What you should do:
Begin with the first line of the material and write out each line exactly, ending with the line that contains "गरिबलाई गरिबको मयाँ". Pictures are not part of the copy.

Source data:
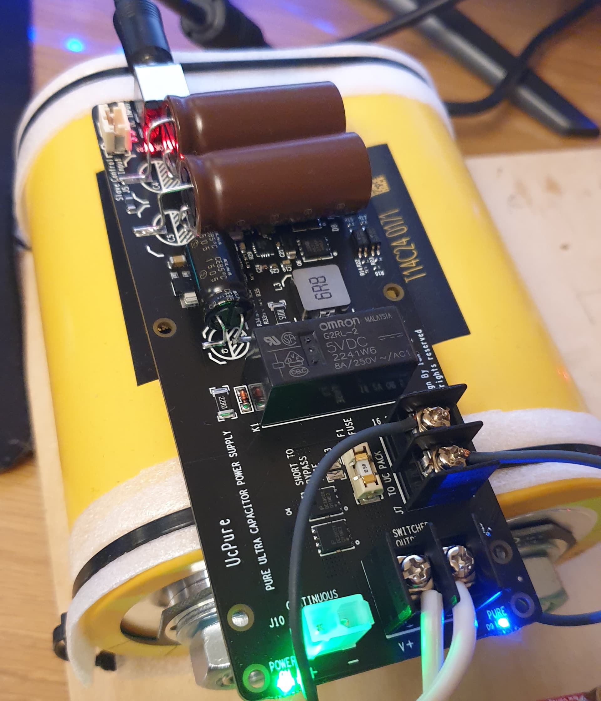 Потестил на днях. Идея БП очень классная, конденсаторы на 3000F заряжаются 3 мин., а после разряжаются (в моем случае для шляпы с 3,3в до 3,0в в течении 3 часов) после снова подзарядка. Низкий ESR, чудовищный ток разряда, что то около 700А! Рай для звука!
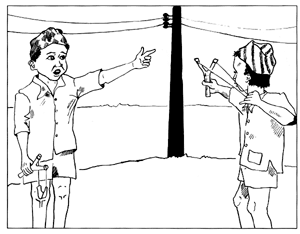 गरिबलाई गरिबको मयाँ धनीलाई धनको मयाँ भन्ते दमै राजुका बाले। मलै नि गरिबकै मयाँ लाउच। हेर यो धागो! चुचुचू! न डल्ली फुपु छन् न माष्टर्नी न रुइनु न फल्याप फुलुप न म्याउटिस रोज। के हो यस्तो सुकेको धागो? ला राउनितिका गफ अरम्। आँफु त जम्मैळाई समेलेर तह लाम्नका खाँतिर भे नि तानासाही चाहिन्छ भनेर हिँडियो। लौ जा! छाप के मा? बन्दुकमा! लौ जा!
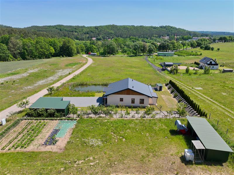 Nieruchomość położona w cichym, spokojnym miejscu z pięknym widokiem na okoliczny las – idealna dla osób ceniących prywatność, naturę oraz bliskość terenów rekreacyjnych.
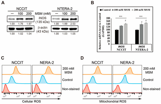 ROS induction in embryonic CSC by MSM. (A) Western blotting of NCCIT and NTERA-2 cells with 100 and 200 mM MSM for 48 h shows iNOS protein expression. Expression levels were estimated by densitometry and normalized to β-actin. Data were obtained in triplicate. (B) Real-time qPCR analysis showing illustrative expression of the iNOS gene in the NCCIT and NTERA-2 cells. Cp values were normalized to GAPDH mRNA. Controls were set at 100. *** p < 0.001 (ANOVA). # p < 0.001 vs. control. (C) Flow cytometry of cellular ROS in NCCIT and NTERA-2 cells after treatment with 200 mM MSM for 48 h. The graphical representation shows cells with ROS induction. (D) Flow cytometry of mitochondrial ROS by 200 mM MSM in NCCIT and NTERA-2 cells for 48 h. The graphical representation shows cells with mitochondrial ROS induction.

Answer box:
 Потестил на днях. Идея БП очень классная, конденсаторы на 3000F заряжаются 3 мин., а после разряжаются (в моем случае для шляпы с 3,3в до 3,0в в течении 3 часов) после снова подзарядка. Низкий ESR, чудовищный ток разряда, что то около 700А! Рай для звука!
 गरिबलाई गरिबको मयाँ धनीलाई धनको मयाँ भन्ते दमै राजुका बाले। मलै नि गरिबकै मयाँ लाउच। हेर यो धागो! चुचुचू! न डल्ली फुपु छन् न माष्टर्नी न रुइनु न फल्याप फुलुप न म्याउटिस रोज। के हो यस्तो सुकेको धागो? ला राउनितिका गफ अरम्। आँफु त जम्मैळाई समेलेर तह लाम्नका खाँतिर भे नि तानासाही चाहिन्छ भनेर हिँडियो। लौ जा! छाप के मा? बन्दुकमा! लौ जा!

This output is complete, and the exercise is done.